Protip to any other Columbia-ers that want to do the Harbison trails, though: print out your own fucking maps beforehand and make sure you've put a (correct) compass rose on it. The little map stands along the trails are frequently downright wrong and invariably oriented in a completely random fashion: North will NOT always be up; neither will it be oriented such that "up" is the direction you are looking in when facing the map. I am pretty sure that the Forestry Commission got a tax break by employing, uh, developmentally disabled folks to do the maps. Which would also explain the occasional tic-tac embedded in the map behind the plastic. "I LIKE TIC-TACS!"

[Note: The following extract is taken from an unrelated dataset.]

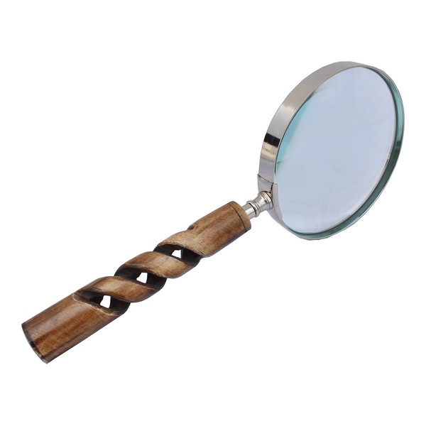 - The spiral design on the handle enhances the overall vintage look, adding a unique and decorative element to the magnifying glass.
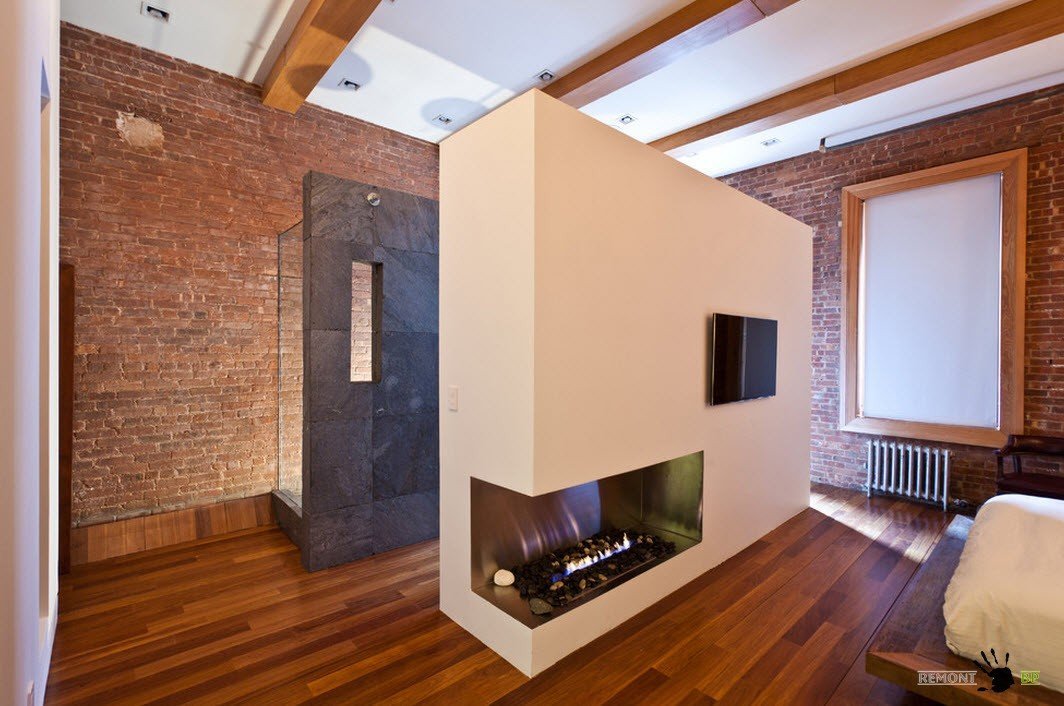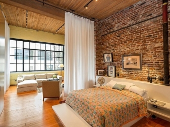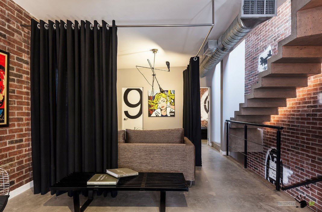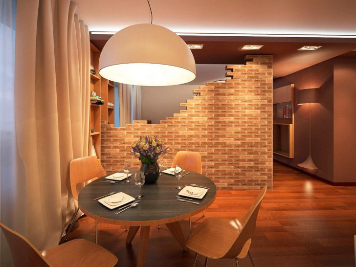 Zonage avec une brique aura l'air très inhabituel. Souvent, les concepteurs fabriquent le soi-disant "mur inachevé", qui divise en quelque sorte plusieurs pièces. Cette technique est particulièrement pertinente pour le style loft.

Chris keeps trying to get me to run (and we actually did run a bit of the trails last weekend), but I keep telling him there's very little in this world I want badly enough to run after it, or am scared of enough to run from it. "Fight-or-flight" response in me is pretty much just simplified to "fight". Maybe after we've been banging the trails regularly for a few months I won't mind the idea so much, but for right now, the hell with that noise. Honestly, if I want more of a challenge I'm more the type to strap on a heavy pack than to break into a run, anyway.
We'll probably hit up the Congaree next weekend, weather permitting, I think. He's never been, and I haven't been but once - but it was gorgeous. Definitely a lot more to look at than the Harbison trails - and if you're going to hike a swamp, far better to do it in March than in May!